Seville’s water infrastructure to get a 75-million euro boost thanks to EIB

Seville’s water infrastructure to get a 75-million euro boost thanks to EIB

The funds will go for upgrades, which in turn will impact public health positively and create jobs

The European Investment Bank (EIB) will finance Seville’s municipal water supplier Emasesa with up to 75 million euros, according to a press release from 23 September. The funding is meant to be a crucial step in the post-pandemic recovery of the city and the region of Andalucia, which has suffered a hard economic impact.

The money will be injected into investments until 2024, with the aim of improving service quality and environmental resilience in Seville and 11 surrounding municipalities.

Emasesa seems like a forward-thinking organization

You might remember Emasesa, as the municipal company which participated in the project of turning Seville’s street oranges into biogas that powered the local waste treatment plants. That venture is, in fact, still attracting considerable media and investor attention. And why would it not? After all, a tonne of oranges can power five households for a day!

The oranges-into-electricity project was recently presented on 21 September at the Instituto Cervantes in Athens (Greece) and on 23 September at the European Night of Researchers taking place in Seville (Spain).

Combatting water stress

Given Emasesa’s sustainability credentials it is no surprise that the EIB would feel confident to invest in that municipal company.

The money will improve the available water infrastructure in order to increase the coverage, quality and resilience of integrated water services in the Seville metropolitan area. It will also improve operational efficiency, for example by reducing water losses, increasing energy efficiency and reducing the risk of flooding in the service area.
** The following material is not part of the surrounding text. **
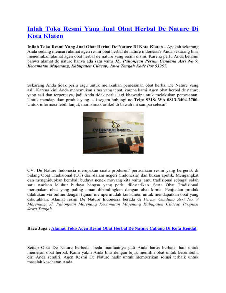 Inlah Toko Resmi Yang Jual Obat Herbal De Nature Di Kota Klaten Inilah Toko Resmi Yang Jual Obat Herbal De Nature Di Kota Klaten - Apakah sekarang Anda sedang mencari alamat agen resmi obat herbal de nature indonesia? Anda sekarang bisa menemukan alamat agen obat herbal de nature yang resmi disini. Karena perlu Anda ketahui bahwa alamat de nature hanya ada satu yaitu JL. Pahonjean Perum Cendana Asri No 9, Kecamatan Majenang, Kabupaten Cilacap, Jawa Tengah Kode Pos 53257. Sekarang Anda tidak perlu ragu untuk melakukan pemesanan obat herbal De Nature yang asli. Karena kini Anda menemukan situs yang tepat, karena kami Agen obat herbal de nature yang asli dan terpercaya, jadi Anda tidak perlu lagi khawatir untuk melakukan pemesanan. Untuk mendapatkan produk yang asli segera hubungi no Telp/ SMS/ WA 0813-3404-2700. Untuk informasi lebih lanjut, mari simak artikel di bawah ini sampai selesai! CV. De Nature Indonesia merupakan suatu produsen/ perusahaan resmi yang bergerak di bidang Obat Tradisional (OT) dari dalam negeri (Indonesia) dan bukan apotik. Mengangkat dan menghidupkan kembali budaya nenek moyang kita yaitu jamu tradisional sebagai salah satu warisan leluhur budaya bangsa yang perlu dilestarikan. Serta Obat Tradisional merupakan obat yang paling aman dibandingkan dengan obat kimia. Penjualan produk dilakukan via online dengan tujuan mempermudah konsumen untuk mendapatkan obat yang dibutuhkan. Alamat resmi De Nature Indonesia berada di Perum Cendana Asri No. 9 Majenang, Jl. Pahonjean Majenang Kecamatan Majenang Kabupaten Cilacap Propinsi Jawa Tengah. Baca Juga : Alamat Toko Agen Resmi Obat Herbal De Nature Cabang Di Kota Kendal Setiap Obat De Nature berbeda- beda manfaatnya jadi Anda harus berhati- hati untuk memesan obat herbal. Kami yakin Anda bisa dengan bijak memilih obat untuk kesembuha diri Anda sendiri. Agen Resmi De Nature hadir untuk memberikan solusi terbaik untuk masalah kesehatan Anda. Sekarang Anda bisa mendapatkan obat de nature dengat sangat mudah, Anda cukup duduk nyaman dirumah dan pesan produk obat herbal de nature yang sedang Anda butuhkan saat ini. Hubungi kontak kami, lalu Anda bisa melakukan transaksi pembayaran terlebih dahulu, kemudian barang akan langsung kami kirimkan kealamat yang Anda berikan. Produk- produk De Nature Yang Paling Di Minati 1. PAKET PENGOBATAN WASIR/ AMBEIEN Pengobatan Wasir/ Ambeien yang terkenal yaitu obat Ambejoss dan Salwa, obat ini sudah sangat terkenal ampuh untuk menyembuhkan wasir/ ambeien. Sebelumnya Merk pertama obat ini adalah Ambeclear dan sekarang mejadi Ambejoss. Obat ini sangat banyak sekali peminatnya diseluruh Indonesia. Jenis Obat Wasir/ Ambeien De Nature : AMBEJOSS SALEP SALWA ZIIRZAK ZAITOP 2. PAKET PENGOBATAN SIPILIS, KENCING NANAH, GONORE (BAIK UNTUK PRIA DAN WANITA) Obat Sipilis, Kencing Nanah, Gonore (baik untuk pria dan wanita) karena sudah terbukti khasiatnya, obat jenis ini juga sangat diminati oleh para pasien kami diseluruh Indonesia. Jenis Obat Sipilis, Kencing Nanah, Gonore De Nature : GANG JIE GHO SIAH KAPSUL BD PIPECA SALEP PLUS 3. PAKET PENGOBATAN KUTIL KELAMIN (PADA WANITA DAN PRIA) Obat Kutil Kelamin (untuk wanita dan pria) jenis obat ini sangat terbukti keamannya. De Nature sebagai produsen obat kutil kelamin paling terpercaya, kami menyediakan paket hemat pengobatan kutil kelamin untuk wanita dan pria. Jenis Obat Kutil Kelamin De Nature : GANG JIE GHO SIAH KAPSUL BD PIPECA SALEP PLUS ANTIPILOMA MADU HERBAL OBAT HERBAL DE NATURE INDONESIA AMAN & ALAMI JL. Pahonjean Perum Cendana Asri No 9, Kecamatan Majenang, Kabupaten Cilacap,Jawa Tengah Kode Pos 53257 Whatsapp/ Telp/ Sms : 0813-3404-2700 Agen Resmi De Nature Indonesia menyediakan berbagai macam obat herbal de nature sebagai solusi untuk masalah kesehatan Anda. Anda sekarang tidak perlu lagi bingungbingung untuk mencari obat herbal yang ampuh untuk menyembuhkan penyakit yang sedang Anda derita, setiap penyakit pasti ada obatnya tetapi tidak semua penyakit obatnya sama, jadi Anda harus bijak dalam memilih obat herbal. Obat herbal de nature adalah solusi yang tepat untuk setiap penyakit Anda, Anda tidak perlu ragu untuk mengonsumsi obat herbal de nature, karena de nature dijamin aman dan ampuh untuk segala penyakit Anda. Berikut Daftar Produk Obat Herbal De Nature Indonesia : Obat eksim De Nature Indonesia Obat kencing nanah De Nature Indonesia Obat herpes De Nature Indonesia Obat kanker De Nature Indonesia Obat tumor De Nature Indonesia Obat kista De Nature Indonesia Obat keputihan De Nature Indonesia Obat perawatan miss v De Nature Indonesia Obat perapat miss v de nature Obat gatal De Nature Indonesia Obat fistula ani De Nature Indonesia Obat stroke De Nature Indonesia Obat paru paru De Nature Indonesia Obat batuk berdarah De Nature Indonesia Obat TBC De Nature Indonesia Obat diabetes De Nature Indonesia Obat asam urat De Nature Indonesia Obat kolesterol De Nature Indonesia Obat maag kronis De Nature Indonesia Obat pembesar penis De Nature Indonesia Obat kuat De Nature Indonesia Obat batu ginjal De Nature Indonesia Obat hepatitis De Nature Indonesia Obat penyubur kandungan De Nature Indonesia Obat pelangsing De Nature Indonesia Obat penggemuk badan De Nature Indonesia Obat pembersih darah De Nature Indonesia Obat penyakit kulit De Nature Indonesia Anda bisa sembuh lebih cepat dengan mengonsumsi obat herbal de nature dibandingkan dengan mengonsumsi obat herbal yang ada dipasaran. Karena obat herbal de nature terbuat dari bahan- bahan alami yang sudah terbukti khasiatnya dan diproduksi langsung oleh para ahli yang handal, dan produk kami diterima langsung oleh para konsumen secara langsung. Sekarang Anda tidak perlu khawatir untuk melakukan pemesanan produk obat herbal de nature kami. Anda cukup duduk nyaman kemudian lakukan pesanan obat herbal de nature yang Anda butuhkan. Obat herbal De Nature tidak dipasarkan di apotik ataupun toko- toko obat manapun. Untuk memudahkan Anda dalam membeli obat herbal de nature kami. Oleh sebab itu semua obat De Nature yang

By improving the efficiency of water supply services, the operation will help ensure the proper distribution of water in southern Spain — an area experiencing water stress — in the future.

The project will also help combat the economic downturn that the region has experienced in the wake of the coronavirus pandemic. Reportedly, the undertaking will create an estimated 1 100 new jobs in the region during the construction phase.

According to the CEO of Emasesa Jaime Palop, “These investments are part of the 2030 plan, which is based on the transformation, modernisation and adaptation of Emasesa to meet the demands of society and the new challenges of climate change. Basically, our goal is to ensure that service efficiency is a public right.